__Task objective__
The copy should hold only the line containing "WOMEN'S GREEN (EMERALD)" and the lines after it through the end of the material, each exact, with no pictures.

__Raw data__
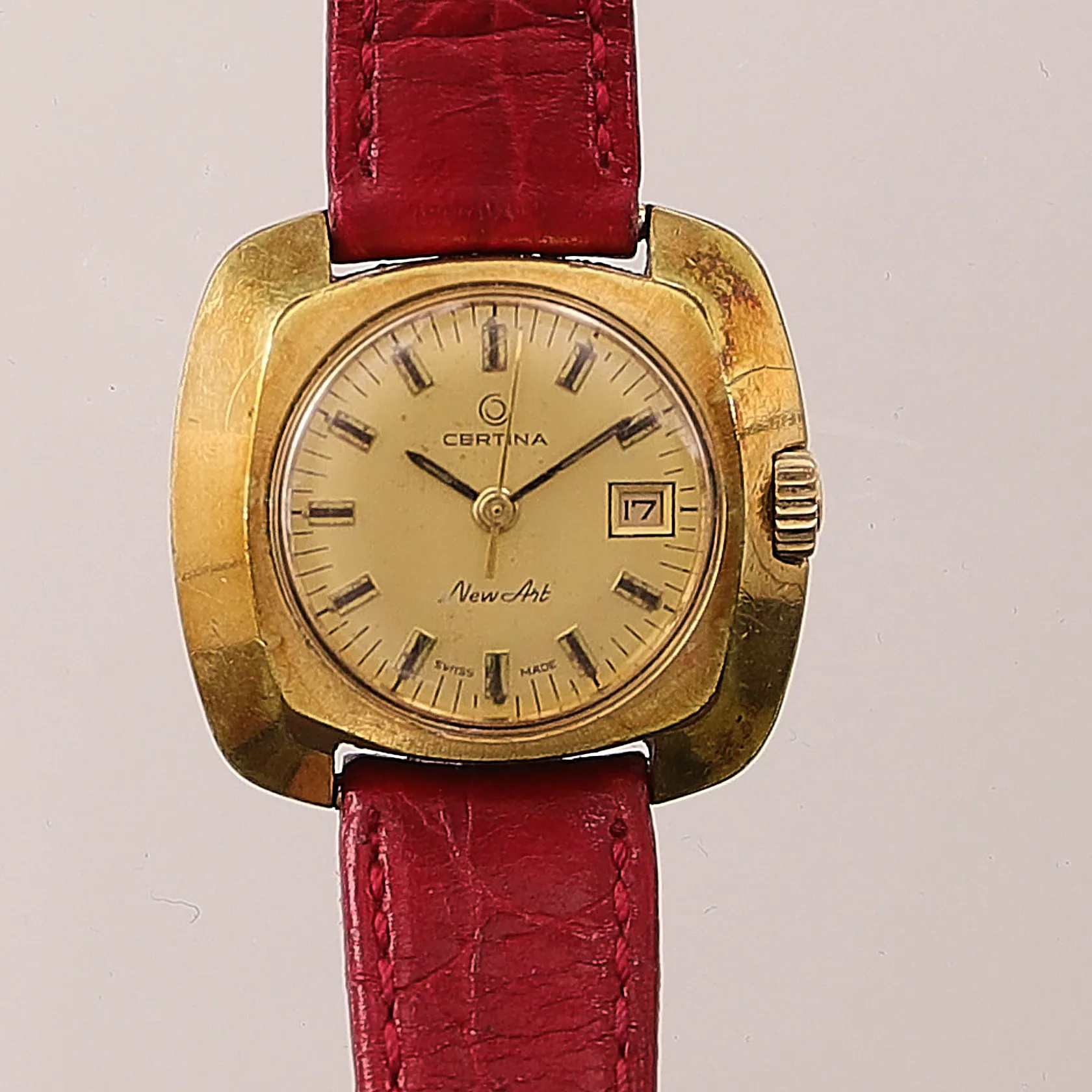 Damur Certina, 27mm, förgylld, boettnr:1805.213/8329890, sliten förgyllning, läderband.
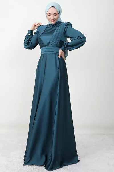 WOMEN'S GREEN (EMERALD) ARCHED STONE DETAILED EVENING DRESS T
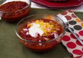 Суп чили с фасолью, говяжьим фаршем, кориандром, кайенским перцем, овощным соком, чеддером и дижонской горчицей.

__Result of this task__
 WOMEN'S GREEN (EMERALD) ARCHED STONE DETAILED EVENING DRESS T
 Суп чили с фасолью, говяжьим фаршем, кориандром, кайенским перцем, овощным соком, чеддером и дижонской горчицей.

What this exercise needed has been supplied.